The findings presented here point towards several broad conclusions and areas for further exploration:
• The choice of data and metrics clearly matter. For example, using household-level data, as this study does, avoids the bias associated with block-group or zip-code level income statistics (when applied to PV-adopters), thereby yielding a more-accurate characterization of PV-adopter income trends. Household-level data are also essential for detecting trends among the tails of the income distribution (e.g., for low-income customers). As also demonstrated in this analysis, the basic findings can differ dramatically depending on whether PV adopters are compared simply to all households or, in a more targeted fashion, to just owner-occupied households. Though not possible in this study, future analyses may reveal further differences by comparing just among single-family, owner-occupied households.

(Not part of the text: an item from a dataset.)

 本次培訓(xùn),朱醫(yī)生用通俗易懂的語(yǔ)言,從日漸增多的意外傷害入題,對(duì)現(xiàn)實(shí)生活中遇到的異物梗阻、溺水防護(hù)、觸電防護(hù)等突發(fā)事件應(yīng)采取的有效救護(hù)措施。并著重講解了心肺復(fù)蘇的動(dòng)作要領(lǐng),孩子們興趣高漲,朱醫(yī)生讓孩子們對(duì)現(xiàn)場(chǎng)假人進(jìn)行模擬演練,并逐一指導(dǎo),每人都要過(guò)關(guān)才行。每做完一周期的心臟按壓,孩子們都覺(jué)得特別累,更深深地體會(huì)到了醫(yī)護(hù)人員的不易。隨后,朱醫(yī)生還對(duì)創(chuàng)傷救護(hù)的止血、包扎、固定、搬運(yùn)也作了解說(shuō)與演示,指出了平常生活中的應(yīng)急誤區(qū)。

• Home-ownership is a key driver for differences in PV adoption among income groups. Although the results show that PV adoption has been, and remains, consistently skewed toward higher income households, much of that skew can seemingly be attributed to higher rates of home ownership. These findings reinforce the importance of business models and programs aimed at renters (at least where expanding access to PV among LMI populations is a priority). Research into income trends among community solar subscribers could help to establish whether this particular business model, which enables access by renters, has achieved more-balanced participation across incomes.
• PV-adopter incomes are diverse. PV adopters include households across the income spectrum. While PV adopters as a whole are higher-income than the population at large, a sizeable portion (the exact percentage depending on the specific metric) are of relatively modest means. Thus, while public and private-sector actors have good cause to ensure equity in PV access across income groups, it should not be overlooked that “moderate-income” or “middle-class” households are already a significant beneficiary of existing solar markets.

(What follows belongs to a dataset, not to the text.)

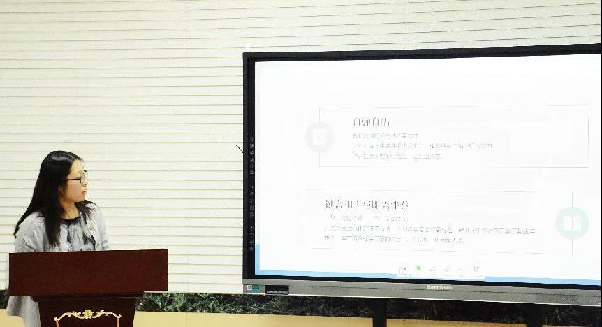 《自弹自唱》《键盘和声与即兴伴奏》两门课程培养的学生弹唱能力、即兴伴奏能力是音乐教育专业学生的必备专业素质与教学实践能力。闵小敏老师运用“比较”的方式对两门课程的异同进行了阐述,指出这两门课程在教学过程中相互影响,结合教学实际,闵老师运用教学案例,对学生的学习现状进行了细致分析。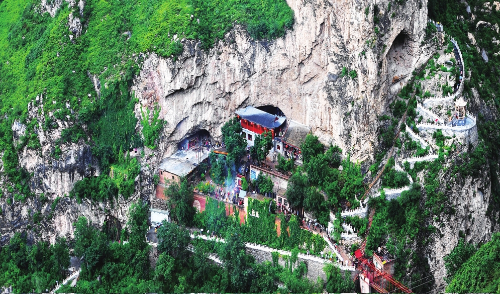 明代《忻州志》記載:“仙人洞,在福田寺左,相傳通平山縣,產(chǎn)瑪瑙?!边@段記載揭示了另一個(gè)秘密——洞穴可能通往河北平山縣。1992年開發(fā)時(shí)探明深度已達(dá)2000余米,但實(shí)際長(zhǎng)度仍是未解之謎。洞內(nèi)恒溫在8-11℃之間,形成“盛夏涼風(fēng)習(xí)習(xí),寒冬溫暖如春”的獨(dú)特微氣候。當(dāng)游客沿著依巖而建的“天梯”或乘坐索道抵達(dá)洞口時(shí),便踏入了一個(gè)四季恒常的時(shí)空膠囊。

• The income profile of residential PV adopters is dynamic and evolving. This analysis shows how PV-adopter incomes have changed over time, in different directions and rates depending on the time period and state. This has several broad implications. First, it suggests some value in periodically reassessing PV-adopter income profiles by planners and private firms interested in understanding the demographics of solar adoption. Second, it raises questions about the underlying drivers for recent trends and about how those trends may evolve going forward. This is especially pertinent given the preponderance of recent initiatives and innovations aimed at advancing PV among LMI customers, and the continued evolution in the customer-economics of and financing options for residential PV.
• Local and regional factors impact the income characteristics of PV adopters. The study results show substantial differences in PV-adopter income characteristics across the various states in the analysis sample. Much of that variation is ostensibly a function of more-general differences in income levels across states. However, other market and policy drivers likely play a role as well, and those drivers could become more significant in the years ahead as states experiment with different programmatic and business models for advancing PV access and affordability for LMI households.